— What needs to be done —
All that belongs in the answer is the lines from the one containing "A Carabina M1A1" to the end of the listing below, copied exactly, pictures excluded.

— Raw data —
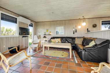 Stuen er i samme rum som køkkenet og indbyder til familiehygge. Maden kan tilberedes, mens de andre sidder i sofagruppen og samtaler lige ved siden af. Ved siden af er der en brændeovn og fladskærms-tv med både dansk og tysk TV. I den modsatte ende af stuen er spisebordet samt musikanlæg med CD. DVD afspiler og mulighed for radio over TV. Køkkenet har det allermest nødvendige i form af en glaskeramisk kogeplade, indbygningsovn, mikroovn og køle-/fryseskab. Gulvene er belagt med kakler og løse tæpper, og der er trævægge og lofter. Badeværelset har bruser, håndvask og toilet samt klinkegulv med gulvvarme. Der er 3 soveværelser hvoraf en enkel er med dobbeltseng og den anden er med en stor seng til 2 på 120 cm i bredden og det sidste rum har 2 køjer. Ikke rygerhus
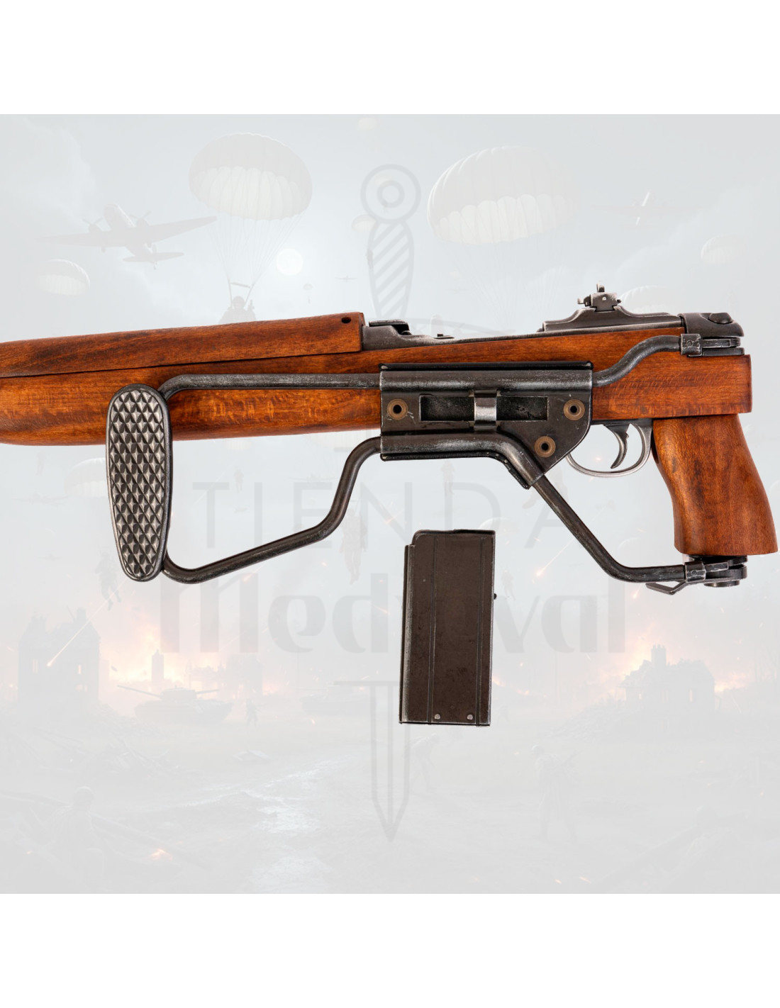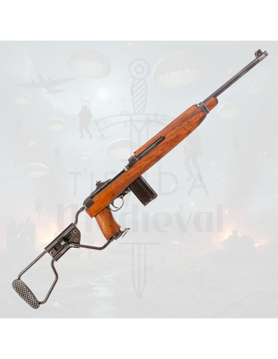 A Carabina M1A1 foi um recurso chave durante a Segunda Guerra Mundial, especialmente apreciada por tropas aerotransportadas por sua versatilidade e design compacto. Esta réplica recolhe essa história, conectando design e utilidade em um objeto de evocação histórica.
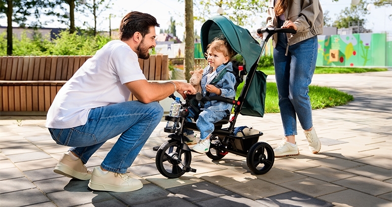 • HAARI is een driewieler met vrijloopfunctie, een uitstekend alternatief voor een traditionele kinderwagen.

— Response to this task —
 A Carabina M1A1 foi um recurso chave durante a Segunda Guerra Mundial, especialmente apreciada por tropas aerotransportadas por sua versatilidade e design compacto. Esta réplica recolhe essa história, conectando design e utilidade em um objeto de evocação histórica.
 • HAARI is een driewieler met vrijloopfunctie, een uitstekend alternatief voor een traditionele kinderwagen.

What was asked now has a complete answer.